To quote Thomas Jefferson: “A democracy is nothing more than mob rule, where fifty-one percent of the people may take away the rights of the other forty-nine.” And so they gave us a system of government that is both a Republic and a Representative Democracy, and it is important that we and our children understand this if we are to survive. At the time this was unique and innovative.
In a Republic you do not have a monarch or ruler (leader) for life, but instead an elected leader with a stated term of office. In a Representative Democracy every voter’s vote counts toward the election of officials who then represent our interest in matters requiring a vote. This important distinction permeates our system of government at the Federal, State, and Local levels.

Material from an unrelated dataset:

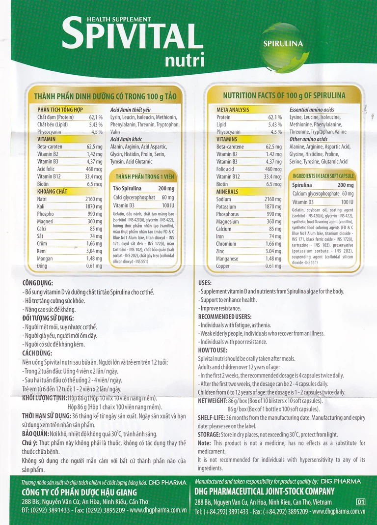 Viên Tảo Spivital Nutrilà sản phẩm của Công ty Dược Hậu Giang (DHG Pharma) . Đặt ra sứ mệnh cung cấp sản phẩm và dịch vụ chất lượng cao, thỏa mãn ước vọng vì một cuộc sống khỏe đẹp hơn, DHG Pharma luôn lấy chất lượng, an toàn hiệu quả làm cam kết cao nhất.

While it can lead to situations where the popular vote does not carry all elections, it avoids the pitfalls of mob rule by ensuring that all votes count in every region of our nation.
By design and foresight, our nation’s founders could see the expansion of our territories to the west and knew governing a diverse population at a distance would become a challenge. The representative construct of our system makes sure all citizens in all States are heard in national matters.
The bi-cameral construct of our Congress is also a pillar of this system of government. The Senate gives every State an equal voice in legislation. The House of Representatives gives a voice to the people based on census population. So, in a sense there is a balance here between pure Democracy (the House of Representatives) and Representative Democracy (the Senate).
We have George Washington and Franklin Roosevelt to thank for not becoming a Constitutional Monarchy. Washington stepped down after two terms as President. He knew there were people who would vote for him to be President for Life. But he set a precedent that lasted from the end of his Presidency to that of Franklin Roosevelt. But there was no Constitutional mandate for a limit of two terms. So, when Roosevelt was elected to his fourth term many felt we were on the precipice of a Constitutional Monarchy. Thanks to Roosevelt we now have the 22nd Amendment to the Constitution which limits a President to only two terms. This has proven to be increasingly important over the years.
When we see our houses of Congress fighting among themselves, and fighting with the President it is not dysfunctional, it is functioning as designed. The Founding Fathers knew that to slow the decline of the Nation they needed a system where change would be slow, deliberate, and at times contentious. It is when one political party has both houses of Congress and the Presidency that the Nation goes awry.
Two changes made over the years are little noticed and have caused significant issues. These changes went against the Founders’ design and are, unfortunately, irreversible. The first was changing the Vice President from the runner up in the Presidential Election to a running mate of the President. The intended effect was if the President died then the Party in power switched. But the more critical issue is that the Vice President is President of the Senate and can slow down legislation that is injurious to the public interest. Now a Party with both houses of Congress has the swing vote rather than being blocked by the opposing vote. We see that today with the Senate evenly divided and the Party in power having the swing vote. As designed, none of the current legislation that has passed that is so detrimental to our national debt would have passed. The Vice-Presidential deciding vote would have come from the opposing party, which was the original designed.
The other was the switch where Governors no longer appoint Senators, nor are they accountable to State Legislatures. Once Senators could run from the State at Large, they became accountable to no one and lifetime appointees. This change is little understood since it is not taught in schools. The change came about because of corruption from just one Senator, did not solve the problem, and did irreparable damage to the balance of power between the States and the Federal Government.
But before we think all is lost, it is not. We are still the greatest Nation in the world. An experiment in Republic/Representative Democracy for sure, but it seems to work. We do not have migrants streaming across our southern border because they live in a better place. They come here for opportunity and freedom. Despite all our faults, all our misgivings, and all our acrimonious debate, we are and hopefully will remain freedom’s greatest hope.
A story has been reported through the years that is certainly representative of the sentiment of the times. On conclusion of the drawing of the Constitution Benjamin Franklin was approached by a woman who asked: “Well, Dr. Franklin, what have you done for us?” Franklin’s response was: “We have given you a Republic. It remains to be seen if you will be able to retain it.”